■ **Exercise goal**: Find the line containing "Prime Minister Theresa" in the material below, then please transcribe it and each line after it exactly, without the pictures.

■ **Record extracts**:

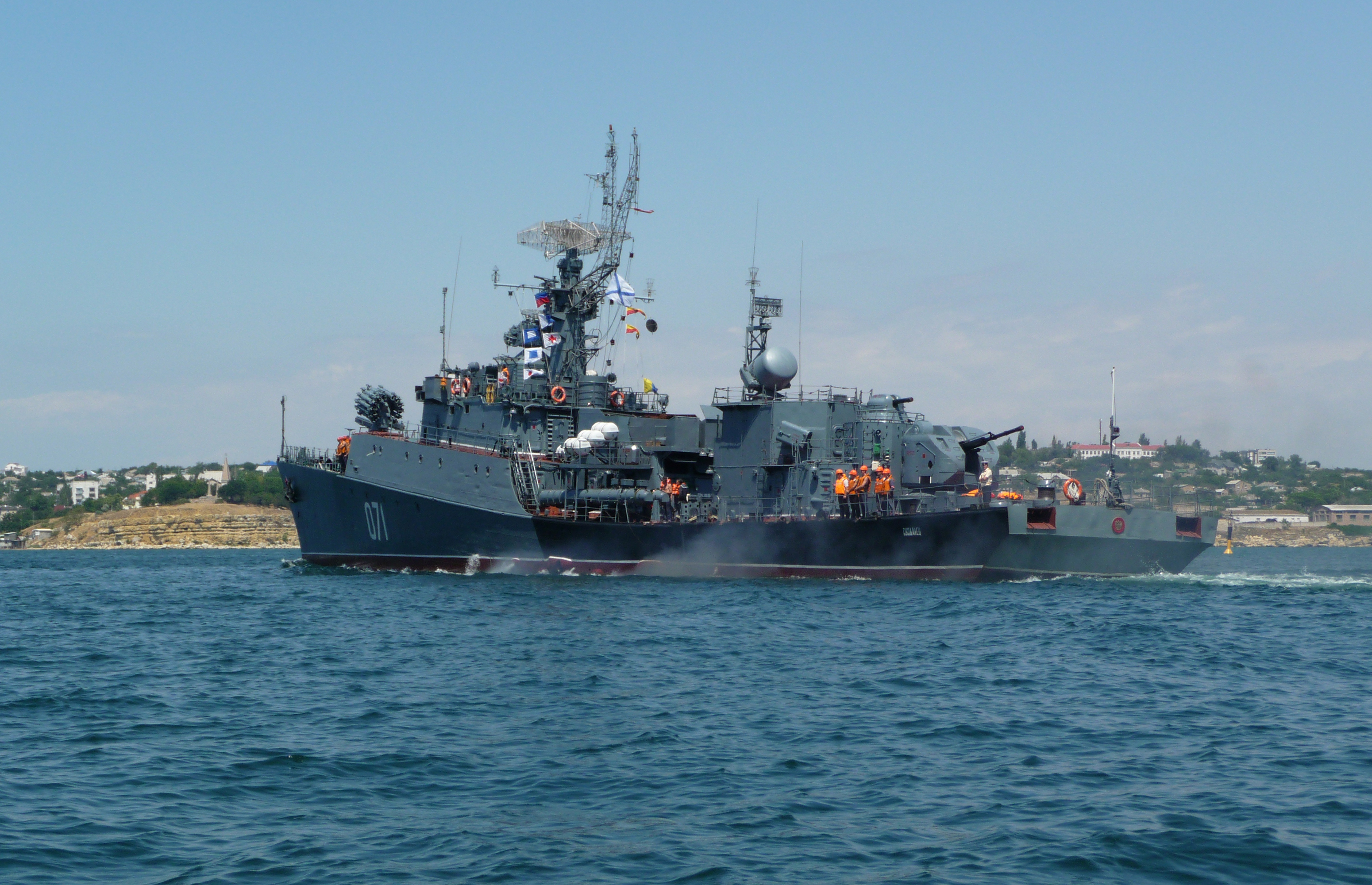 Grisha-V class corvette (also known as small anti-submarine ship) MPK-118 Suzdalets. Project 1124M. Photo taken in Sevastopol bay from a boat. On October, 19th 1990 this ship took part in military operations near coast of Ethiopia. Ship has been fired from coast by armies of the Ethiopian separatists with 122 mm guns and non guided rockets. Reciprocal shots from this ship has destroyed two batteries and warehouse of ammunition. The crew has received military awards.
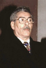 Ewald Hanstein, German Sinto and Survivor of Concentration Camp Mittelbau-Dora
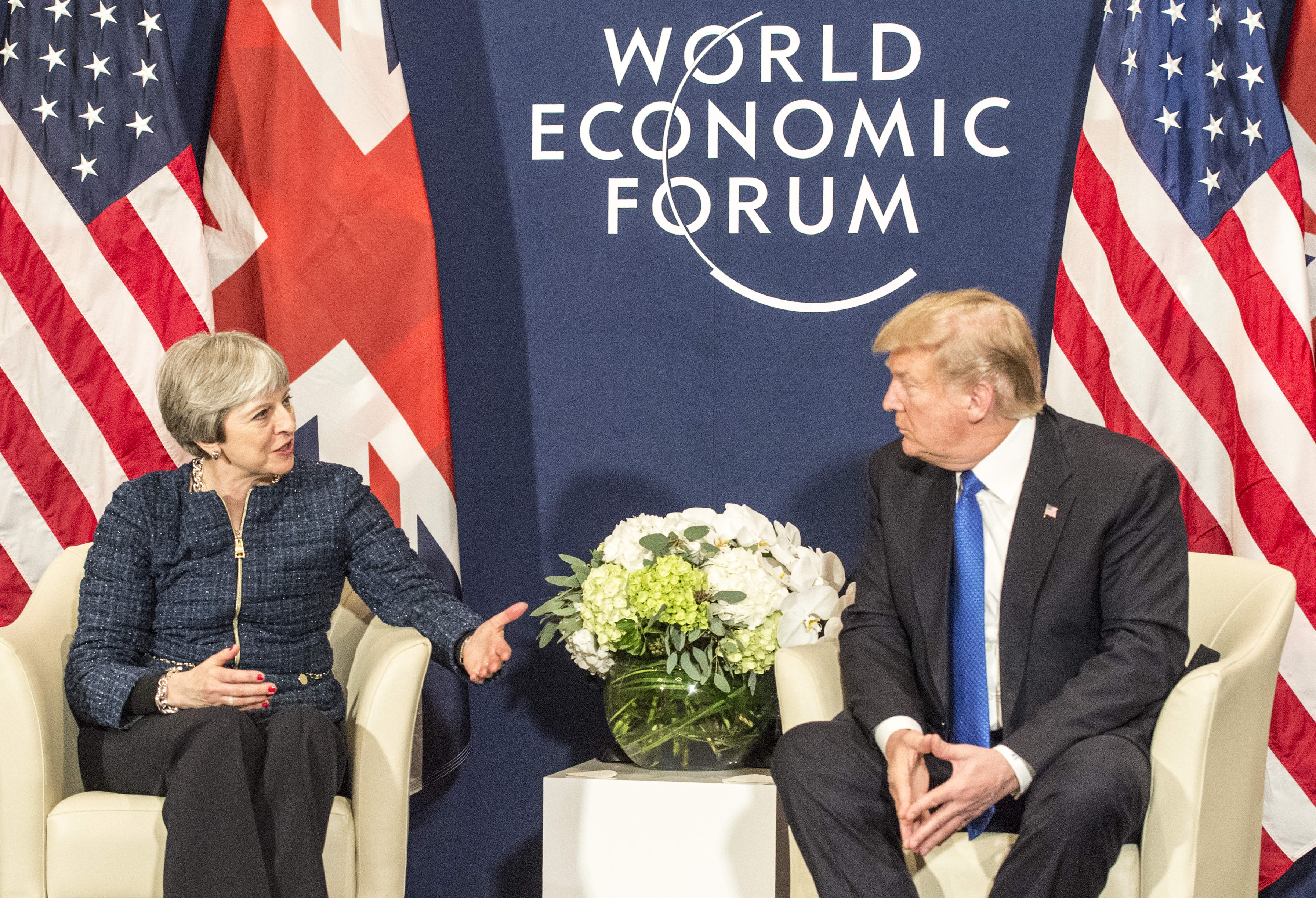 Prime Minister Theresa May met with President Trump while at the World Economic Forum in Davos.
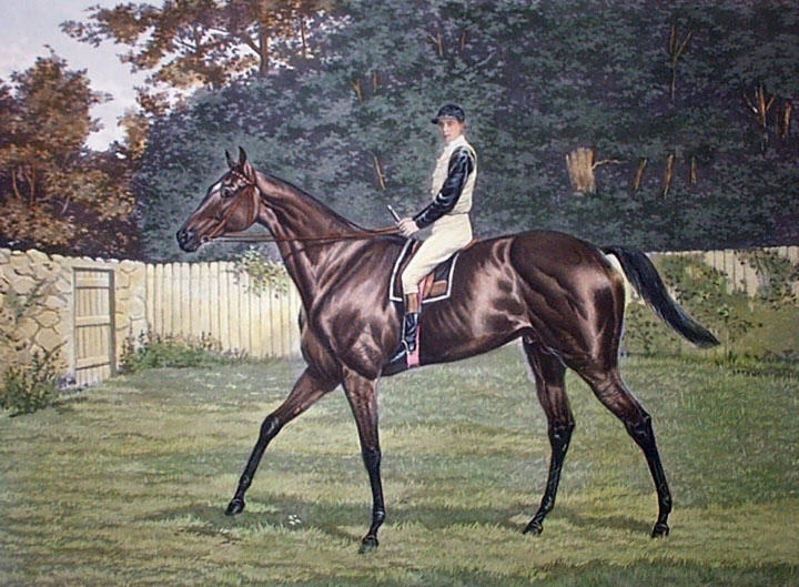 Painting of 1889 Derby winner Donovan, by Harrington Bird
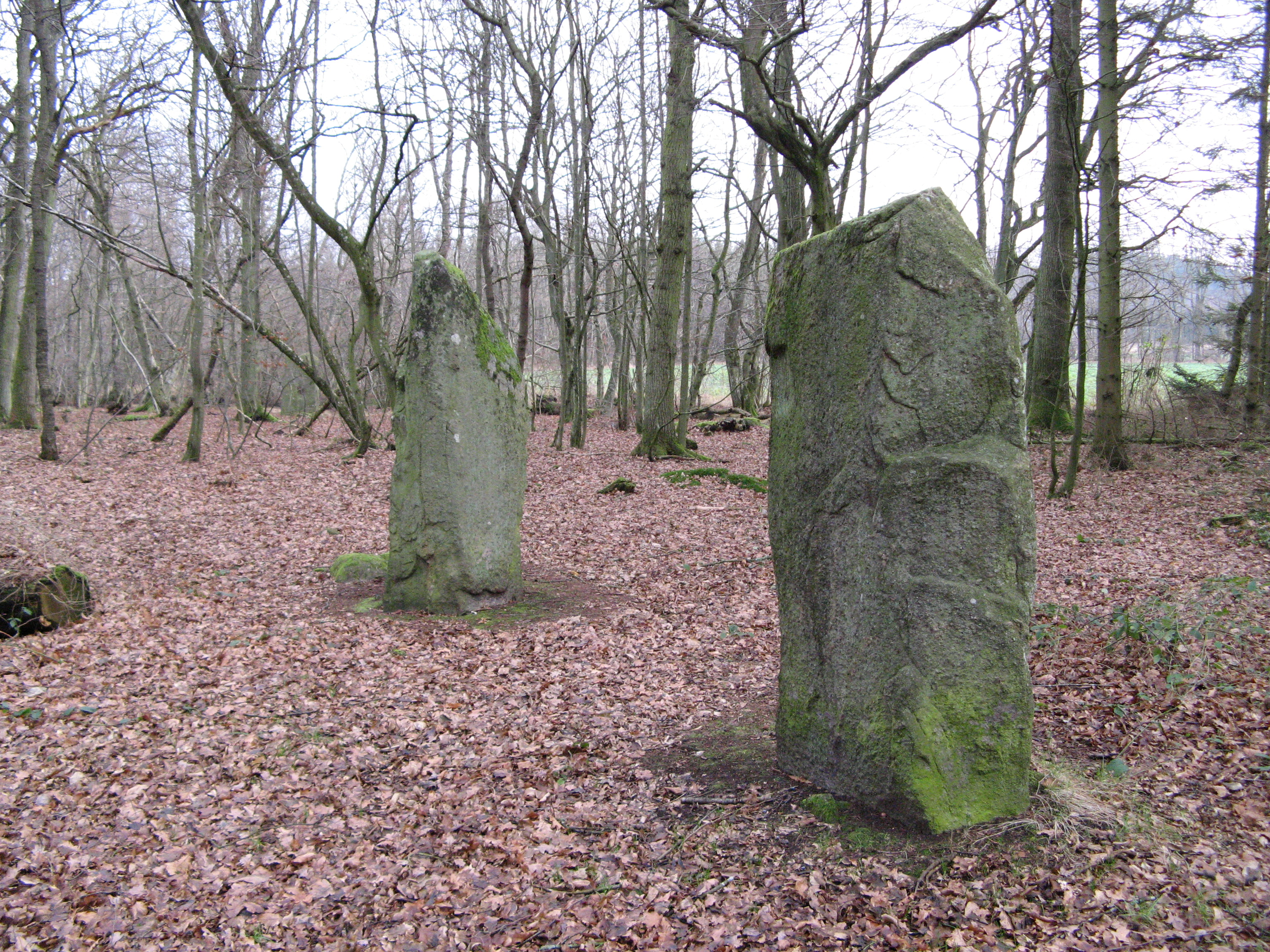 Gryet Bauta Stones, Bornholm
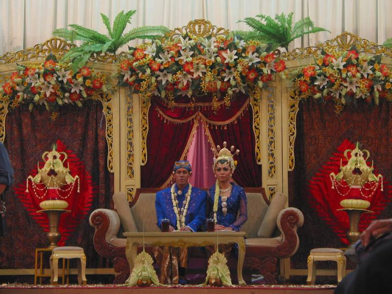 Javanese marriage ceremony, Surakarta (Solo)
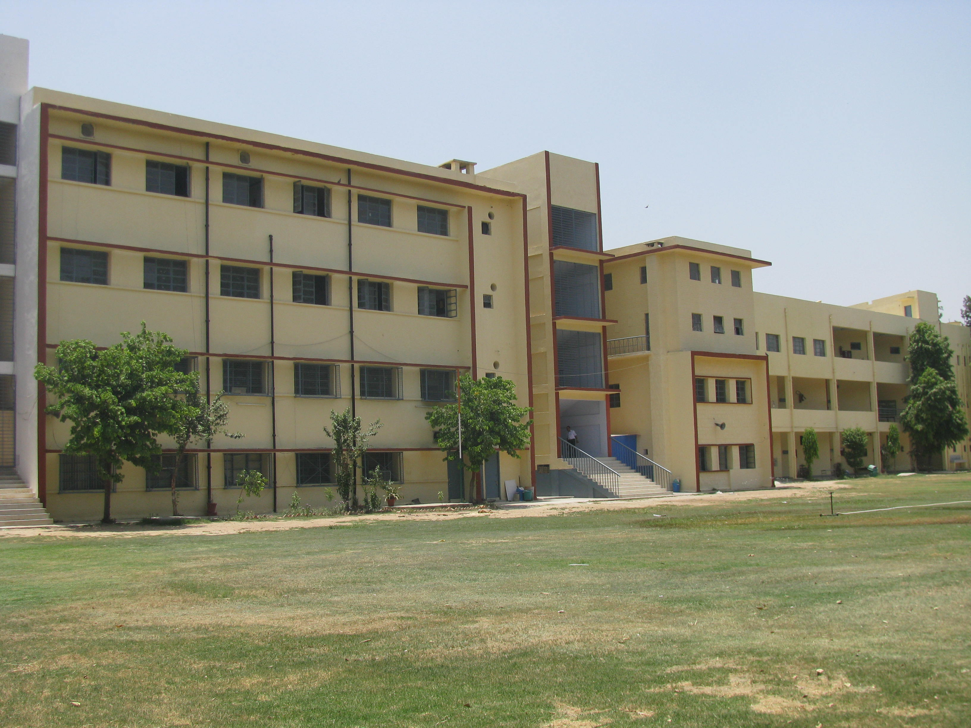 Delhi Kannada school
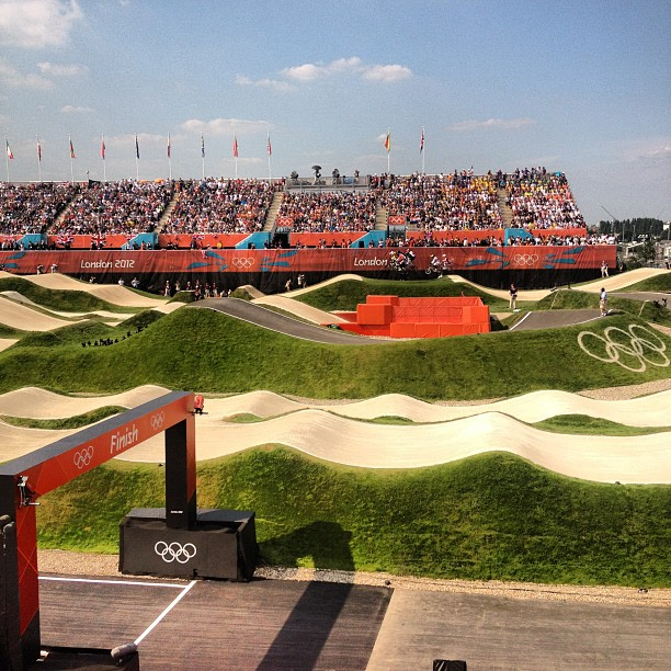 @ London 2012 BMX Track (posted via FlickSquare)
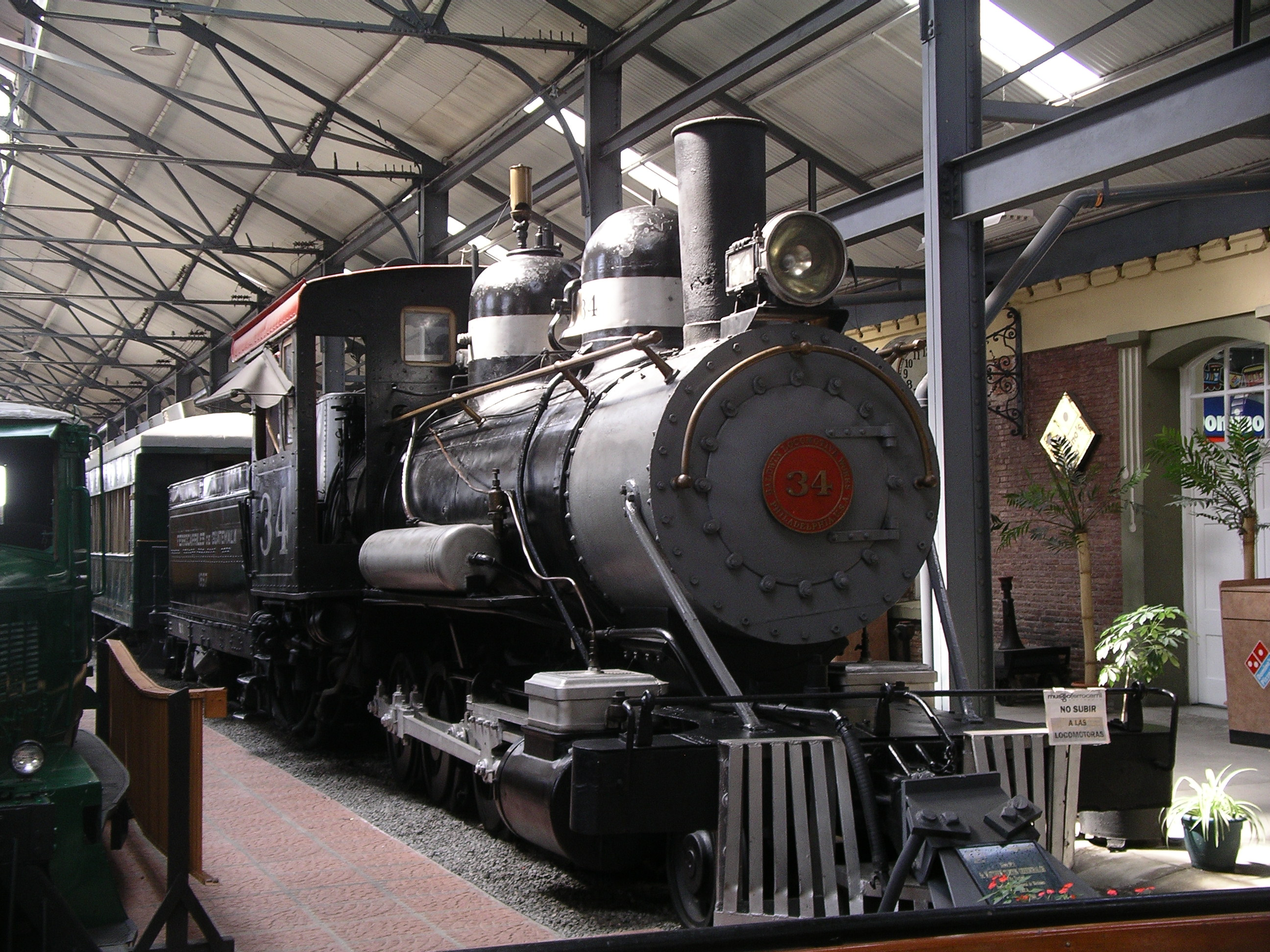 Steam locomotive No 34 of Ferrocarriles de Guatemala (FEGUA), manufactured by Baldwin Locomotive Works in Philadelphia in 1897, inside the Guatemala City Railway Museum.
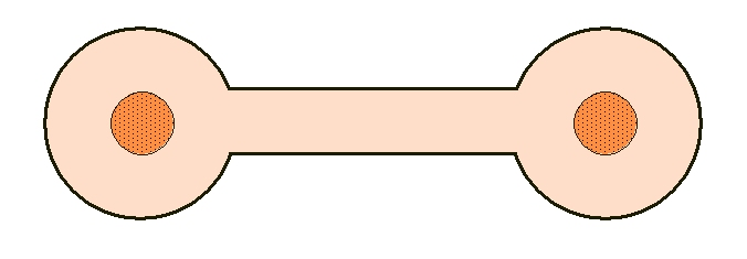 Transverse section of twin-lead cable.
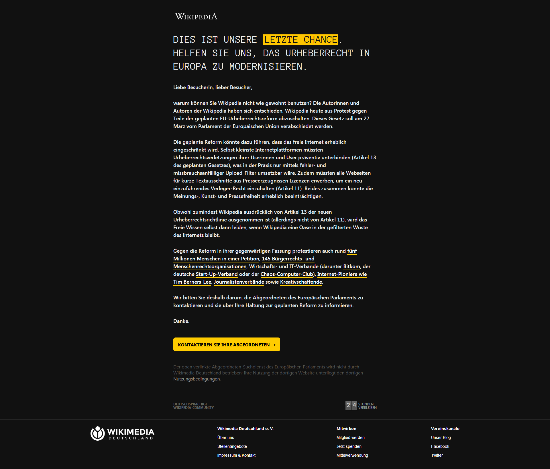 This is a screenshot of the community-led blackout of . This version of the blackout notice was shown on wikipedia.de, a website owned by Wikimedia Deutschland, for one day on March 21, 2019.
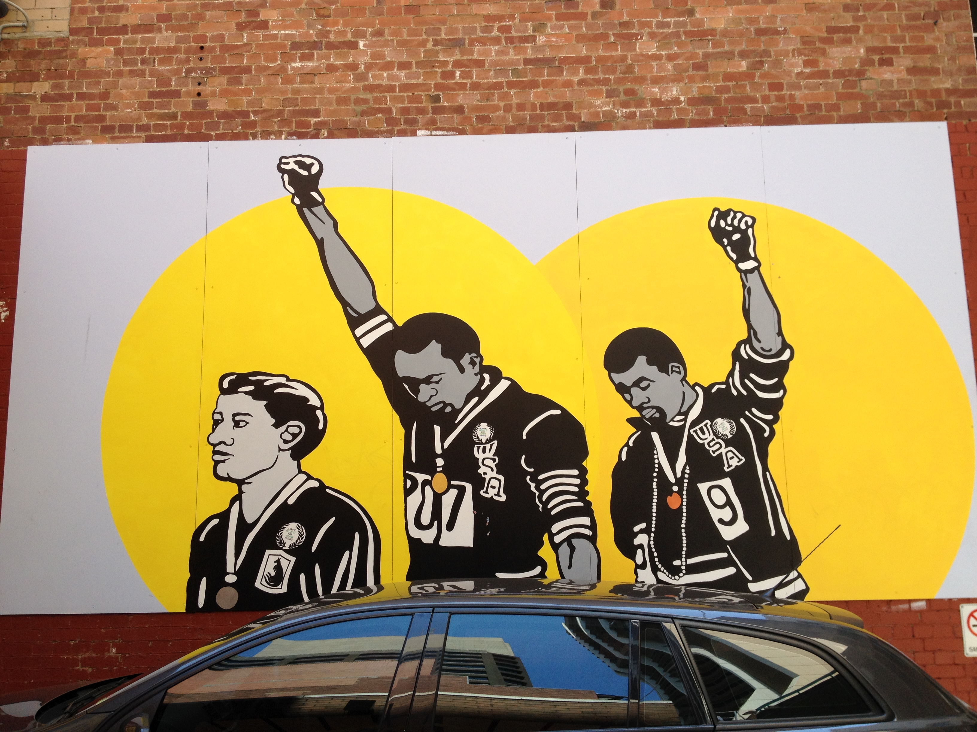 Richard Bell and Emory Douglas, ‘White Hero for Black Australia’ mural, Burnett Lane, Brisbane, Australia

■ **Result of this exercise**:
 Prime Minister Theresa May met with President Trump while at the World Economic Forum in Davos.
 Painting of 1889 Derby winner Donovan, by Harrington Bird
 Gryet Bauta Stones, Bornholm
 Javanese marriage ceremony, Surakarta (Solo)
 Delhi Kannada school
 @ London 2012 BMX Track (posted via FlickSquare)
 Steam locomotive No 34 of Ferrocarriles de Guatemala (FEGUA), manufactured by Baldwin Locomotive Works in Philadelphia in 1897, inside the Guatemala City Railway Museum.
 Transverse section of twin-lead cable.
 This is a screenshot of the community-led blackout of . This version of the blackout notice was shown on wikipedia.de, a website owned by Wikimedia Deutschland, for one day on March 21, 2019.
 Richard Bell and Emory Douglas, ‘White Hero for Black Australia’ mural, Burnett Lane, Brisbane, Australia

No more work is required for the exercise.